1. Why does China, a socialist country, have mega corporations like Tencent and Bytedance? Are they collectively owned by syndicates or unions? If this is a transitionary phase to socialism, can we trust China to actually enforce Socialism after this stage ends?
  2. Child Labor in factories: Myth or Fact? I have a Chinese friend who said he personally never worked as a child in China, but obviously if this was true not every single kid would have worked in a factory.
  3. Surveillance and Social Credit: are these myths, or are they true? Why would China go so far to implement these systems, surely it'd be far too costly and burdensome for whatever they'd gain from that.
  4. Uighur Muslim genocide: Is this true?

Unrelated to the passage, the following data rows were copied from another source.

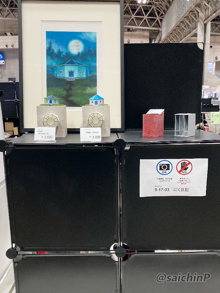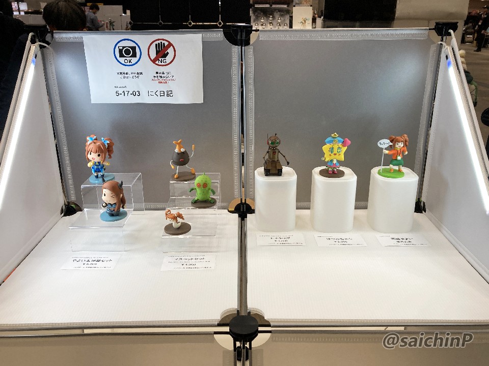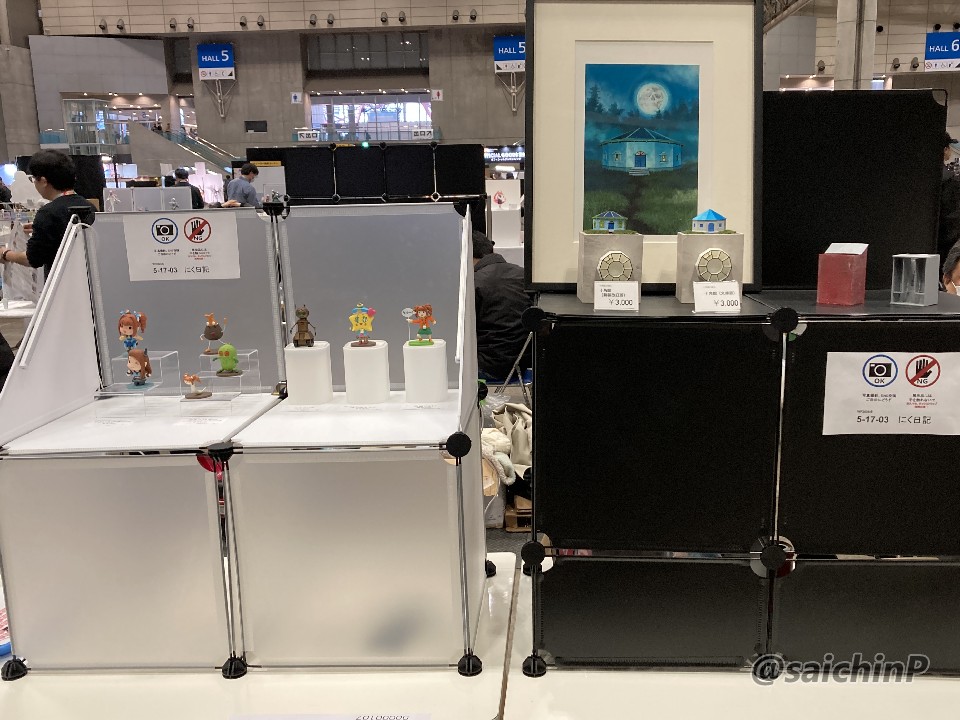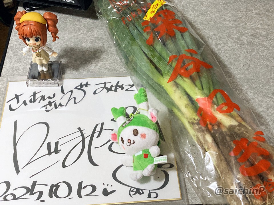ディーラー名 にく日記 卓番 5-17-03 当日の卓の様子です。 それぞれの拡大。 前夜から雪が降っていたため電車の遅延があり、予定よりも遅い現地入りとなって、卓の設営完了が開場ぎりぎりでした。 でも、2014年の冬に比べたら大したことなかったなというのが当時を知る強者たちの感想。 私たちの卓があった場所は奥まっていてかなり暖かくて上着を脱ぐくらいで快適でした。 出入り口が近いところは寒かったようですね。 余談ですが去年の10月に仁後真耶子さんと平田宏美さんのトークショーが埼玉の深谷市にある埼玉工業大学であって行ってきたのですが、そのイベントの開幕時に登場した「ふっかちゃん」がWFに初参加しているのを現地に着いてから知って、撮影してきました。 かわいい! これは件のトークショーに参加する前に深谷の道の駅でお土産とかを買っていたらかわいくて一目惚れ的にぬいぐるみを買ったら、その後のトークショーで本人が出てきたという思い出深いゆるキャラなのです。 その時のお土産のふっかちゃんぬいぐるみと深谷ネギ。 あと、トークショーで当選した仁後真耶子さんのサイン色紙です。 余談が長くなりましたが、卓を訪れてくれた皆様、挨拶、差し入れ、雑談等ありがとうございました。 ツイッターで相互フォローの人とかは名乗ってくれれば名刺くらいは渡せますのでよろしくです。 ツイッター(X)でキットの購入報告や完成報告をする時は文中に「さいちんP」とか@saichinPと入れてくれると見に行きやすくなります。 サポート期間はイベント終了後1ヶ月なのでパーツチェックはお早めに! 次回、夏のワンフェスは2026年7月26日とのことです。 参加については詳細が出てからメンバーと話し合って決めるので続報をお待ち下さい。 今回の個人的な購入物はこちら。 『CLUB M』さんのまこちー 『A.G.O.』さんの大神環ちゃん 関連。 WF2025夏 参加しました WF2026冬 告知【5-17-03】 WF2025冬 一般参加しました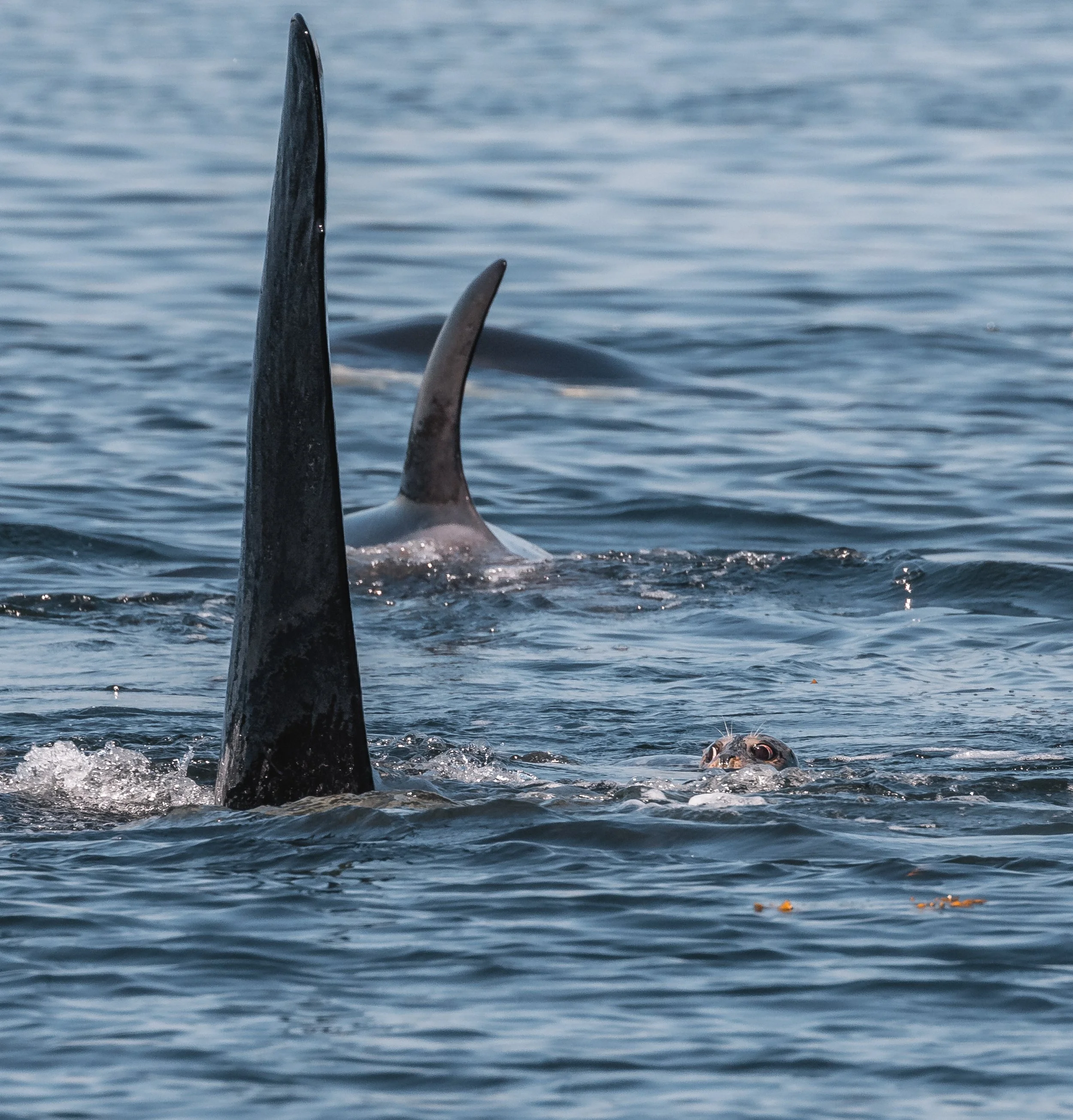 The poor seal amongst the group of orca. Photo by Val Watson, 10:30 am.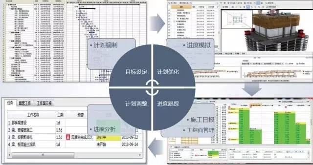 为解决本工程进度编制跟踪难问题,项目通过将进度计划与BIM模型相结合实现“目标设定——模拟优化——跟踪展现——分析调整”的完整进度管控流程,实时跟踪预警进度信息,使项目工期提前了60天,主塔标准层施工平均4.5天一层,预估节约成本1200万以上。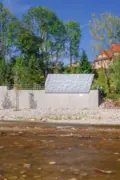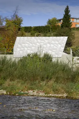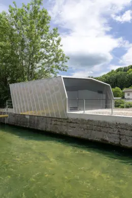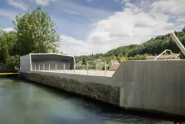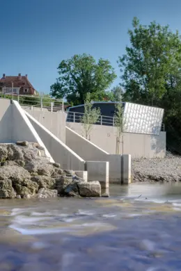 Rückbau des bestehenden und Errichtung eines neuen Wartenhauses mit Betriebs- und elektrischen Funktionsflächen für das parallel erstellte Wasserkraftwerk in städtebaulich exponierter Lage.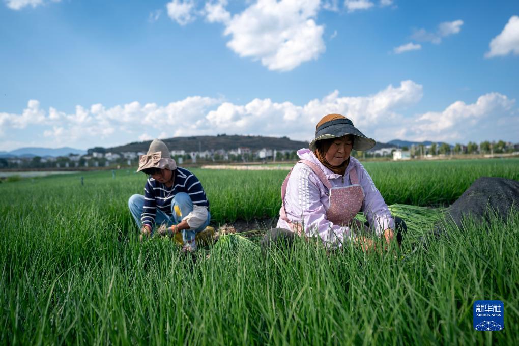 10月30日,农民在鲁甸县一处香葱种植基地内采收香葱。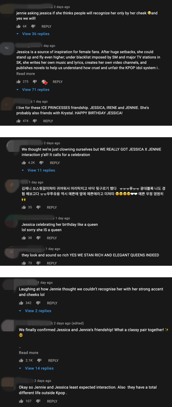 Jennie 虽然在视频中没有露出正面,但粉丝们还是凭着声音、头发、脸颊肉就认出了她,并直呼:“两人竟然认识!”、“Jennie竟然以为她的脸颊肉不会被粉丝认出来 ”、“喜欢公主们的友谊”、“Jessica和Jennie真的是梦幻联动啊”、“她们看起来很有钱,像是女王一样”、“两人有很多相同的地方” 等。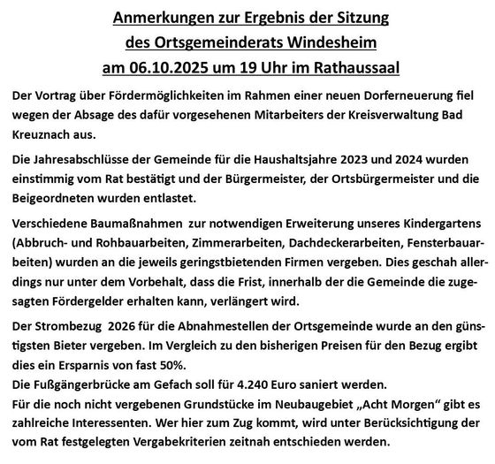 Anmerkungen zur Sitzung des Ortsgemeinderats Windesheim am 06.10.2025 um 19 Uhr im Rathaussaal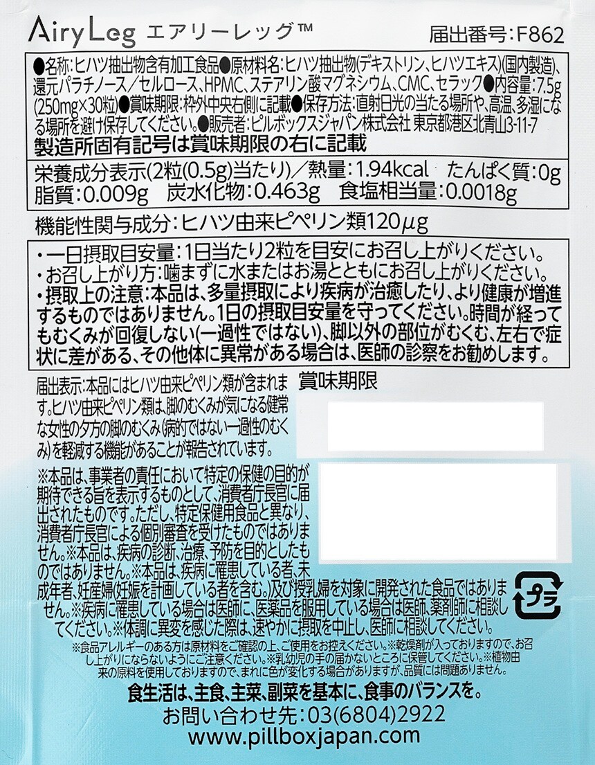- 【機能性表示食品】Airy Leg 30粒入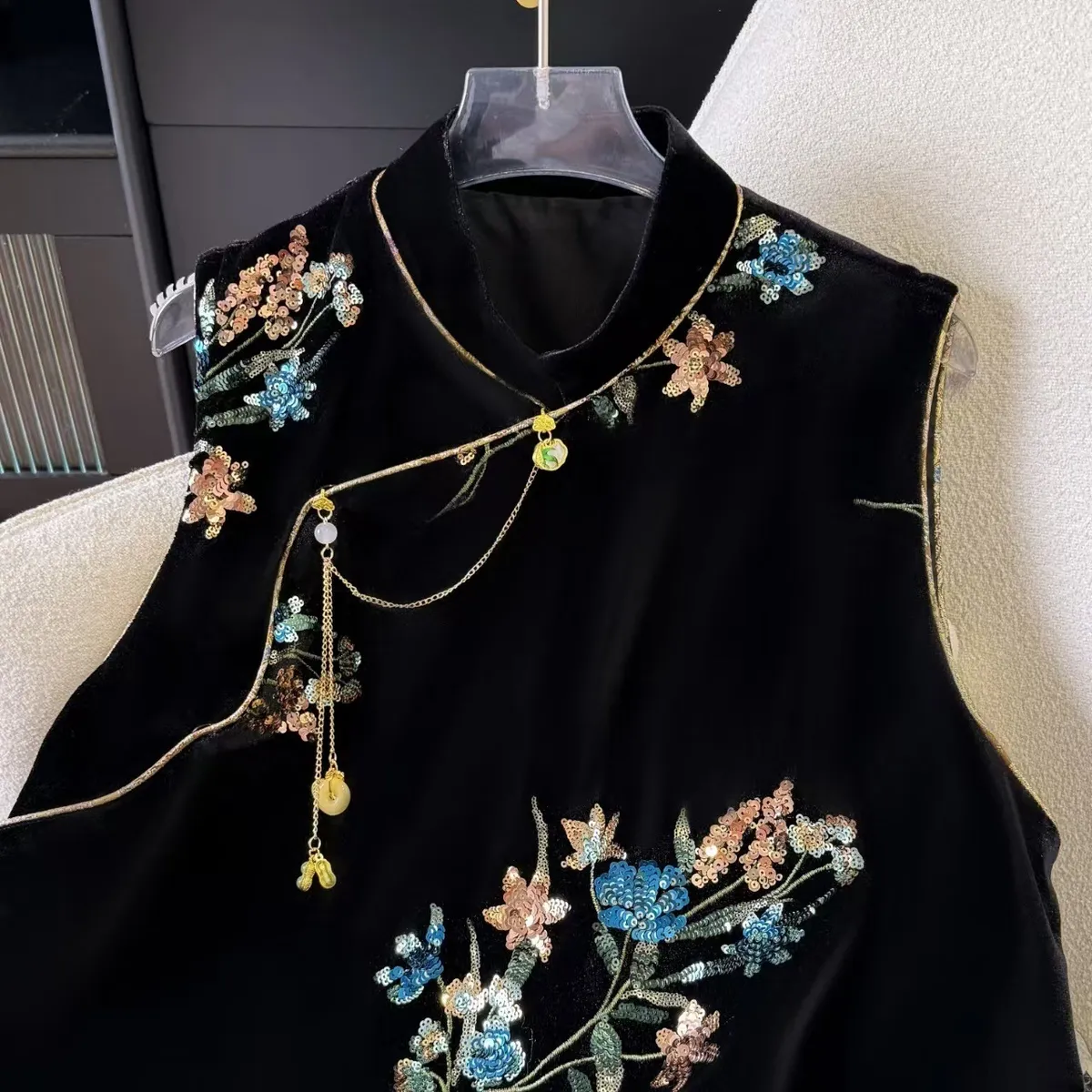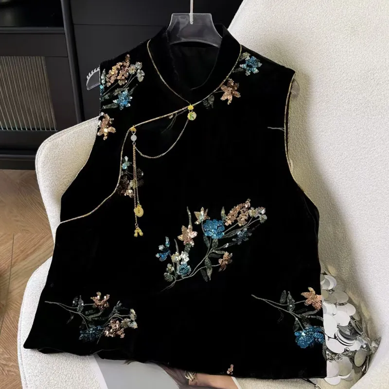 衣都精品- 新款中國風絲絨馬甲無袖外套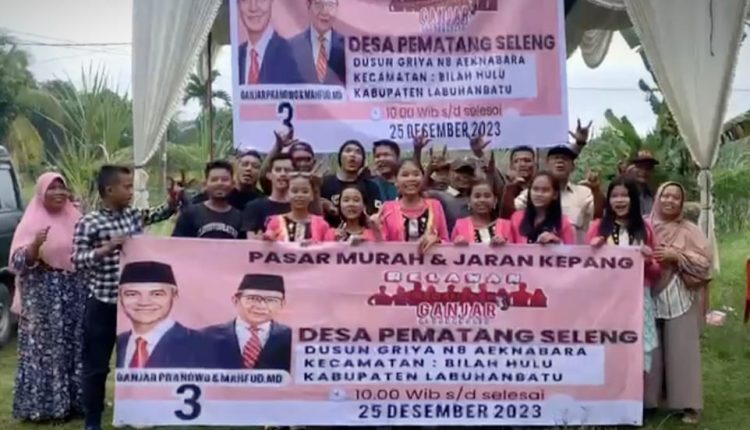 Medankinian.com, Labuhanbatu – Guna membantu meringankan warga yang sedang kesulitan mendapatan harga bahan pokok terjangkau, Tim Relawan Squad Ganjar menggelar Pasar Murah dan pertunjukan Jaran Kepang di Kabupaten Labuhanbatu. Kegiatan yang dilaksanakan, Senin (25/12/2023) dipusatkan di Desa Pematang Seleng, Kecamatan Bilah Hulu, Kabupaten Labuhanbatu, Provinsi Sumatera Utara.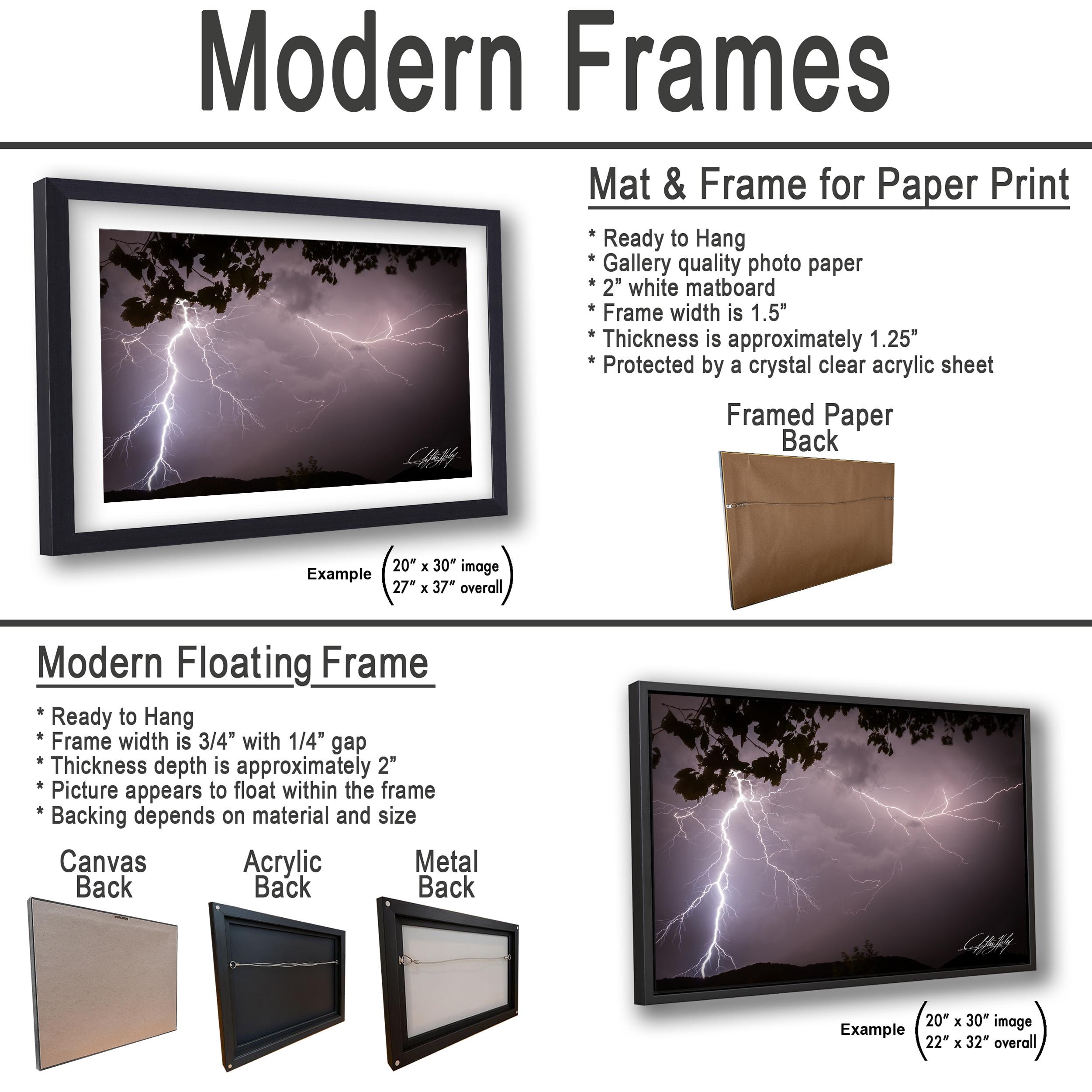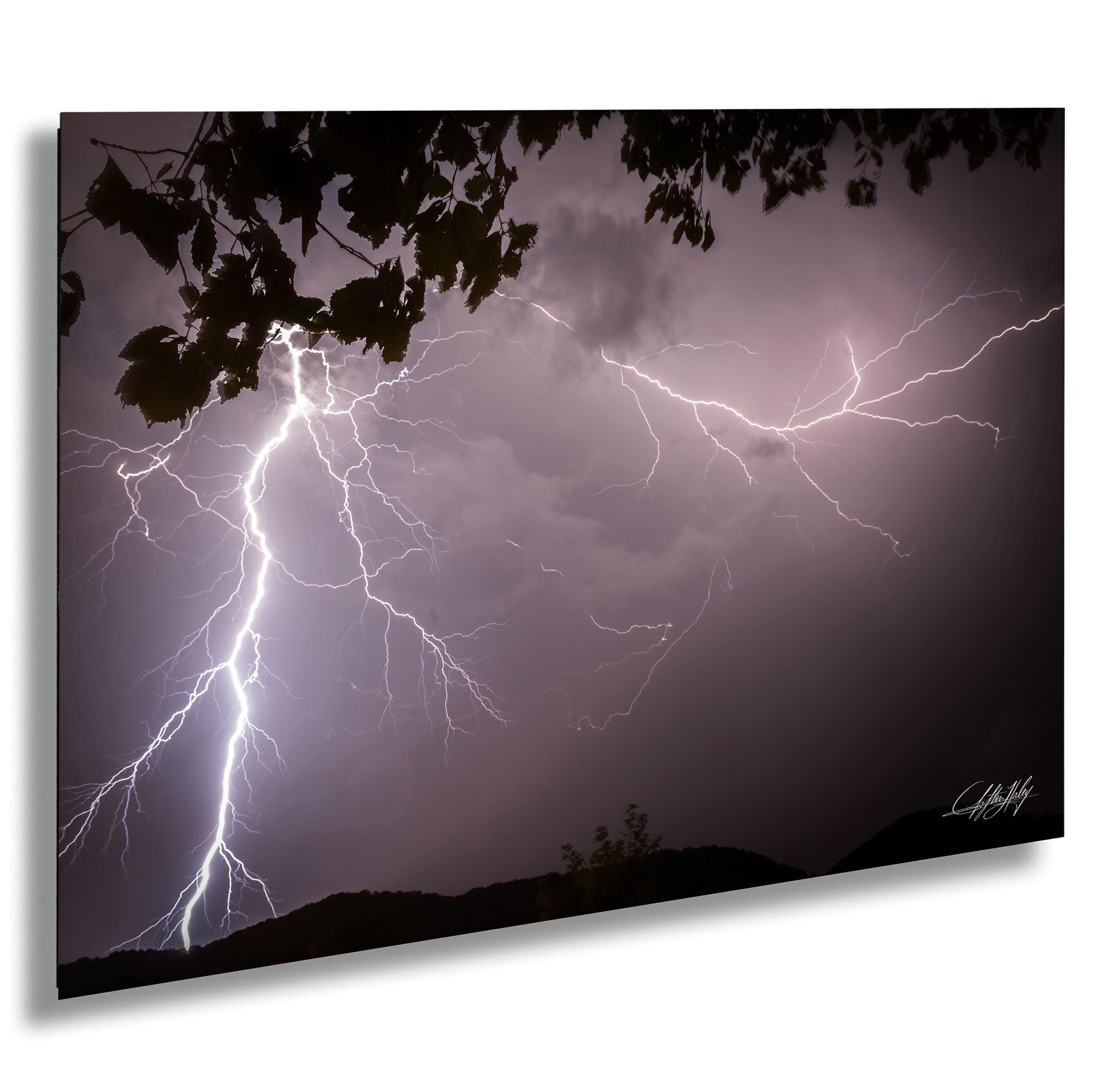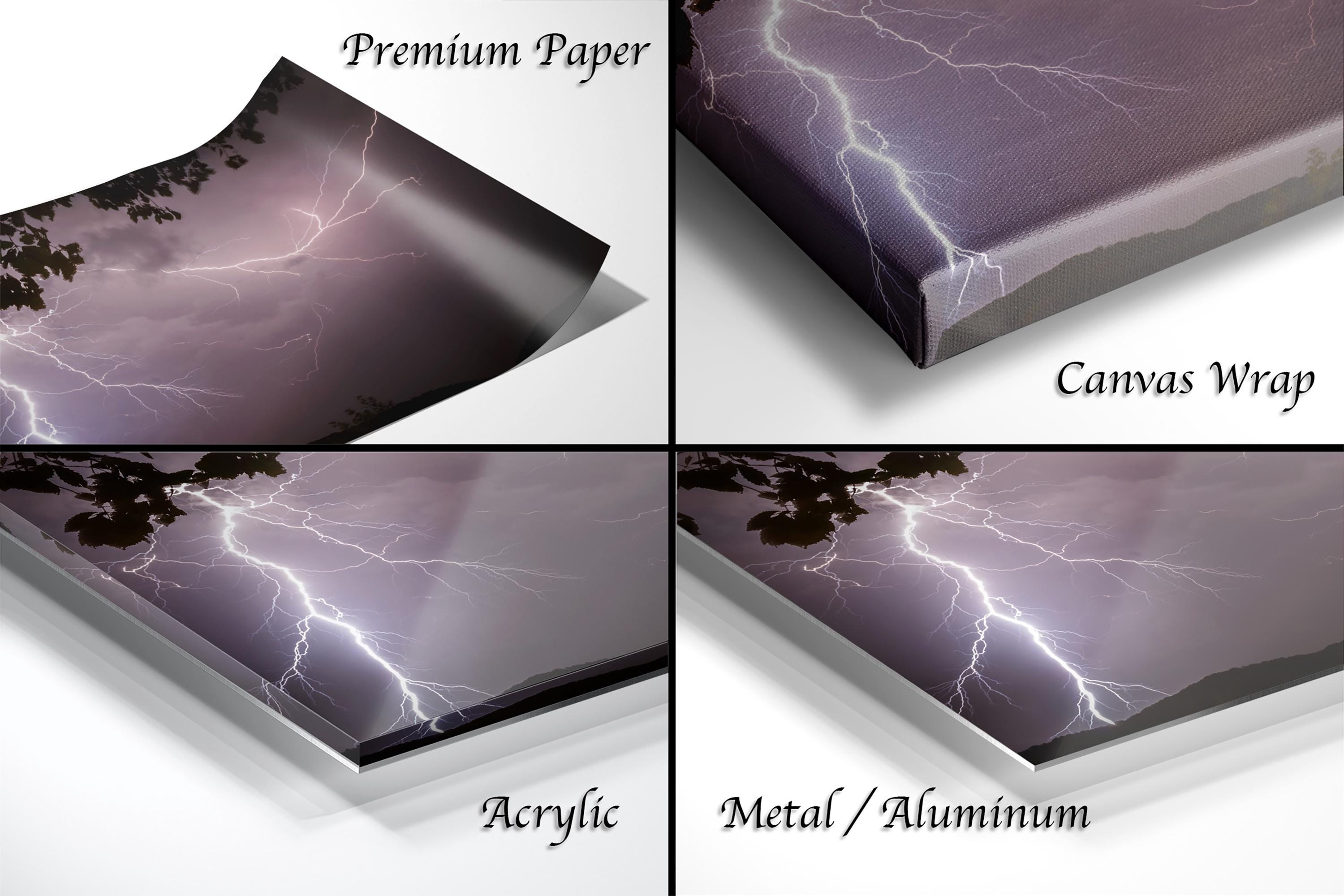 - Available as framed canvas art or paper prints with a 2" white mat border on acrylic and metal options - Each piece is made-to-order and signed by the artist in the bottom corner for authenticity - Dimensions and material options provide versatile display choices to suit your decor style - Captures the intensity of an East Tennessee storm with stunning clarity and emotion

Thank you to anyone who answers, and if you do please cite sources so I can look further into China. I really appreciate it.

edit: I was going to ask about Tiananmen Square, but as it turns out that literally just didn't happen. https://www.telegraph.co.uk/news/worldnews/wikileaks/8555142/Wikileaks-no-bloodshed-inside-Tiananmen-Square-cables-claim.html

https://leohezhao.medium.com/notes-for-30th-anniversary-of-tiananmen-incident-f098ef6efbc2

https://www.cbsnews.com/news/there-was-no-tiananmen-square-massacre/

  • Owl [he/him]
    ·
    edit-2
    11 months ago
    1. Using a capitalist model to build up productive forces is their official policy. It's not what I'd choose personally. But their actions show they do actually believe in this policy - they routinely execute billionaires for running their companies contrary to the public good - so it's not just a lie atop a de-facto capitalist system.

    2. China is a huge country, which is governed by a giant pyramid-structure of elected officials, some branches of which are corrupt. Child labor is illegal, but if your mayor is cool with bribes, then you can do it anyway. China tries to crack down on corrupt officials constantly, but it's still a pyramid-shaped hierarchy, so I doubt they'll ever fully succeed.

    3. Surveillance: not particularly more or less than the US (which is too much of course). Social credit isn't really a thing.

    4. There was an ongoing project to imprison and reeducate Uighur Muslims who were suspected of having radical Islamist ideology. It's supposed to be winding down now, but I haven't checked recently. If such a program never overstepped, and never had abuses of power, I will eat my hat. But Adrian Zenz is a liar and a crackpot, and all the wildest stories trace back to him.

    • Frank [he/him, he/him]
      ·
      11 months ago

      My take on the Xinjiang thing was that there were abuses of human rights - arbitrary arrests, people being detained for several months without trial or having committed a crime, and a few other things.

      However, this was China's program for dismantling Islamist terrorist groups operating on their borders, and it should be evaluated in the context of other nation's anti-terrorist efforts during the gwot.

      What China did wasn't good, per se, but given the available information it seems to have focused more on non-lethal and propagana interventions than the west's policy of "kill lots of random people and wonder why the terrorism didn't stop".

      In brief; China's human rights violating anti-terrorist program was far less vicious and murderous than America, Europe, and their ally's human rights violating anti-terrorist program. That does not mean that they didn't violate human rights, nor does it mean that parts of China's program weren't silly and ineffective (making people you've detained sing propaganda songs during their confinement? Really?)

      Again, the un report is the closest thing to a neutral report on the matter I'm aware of and is very much worth reading.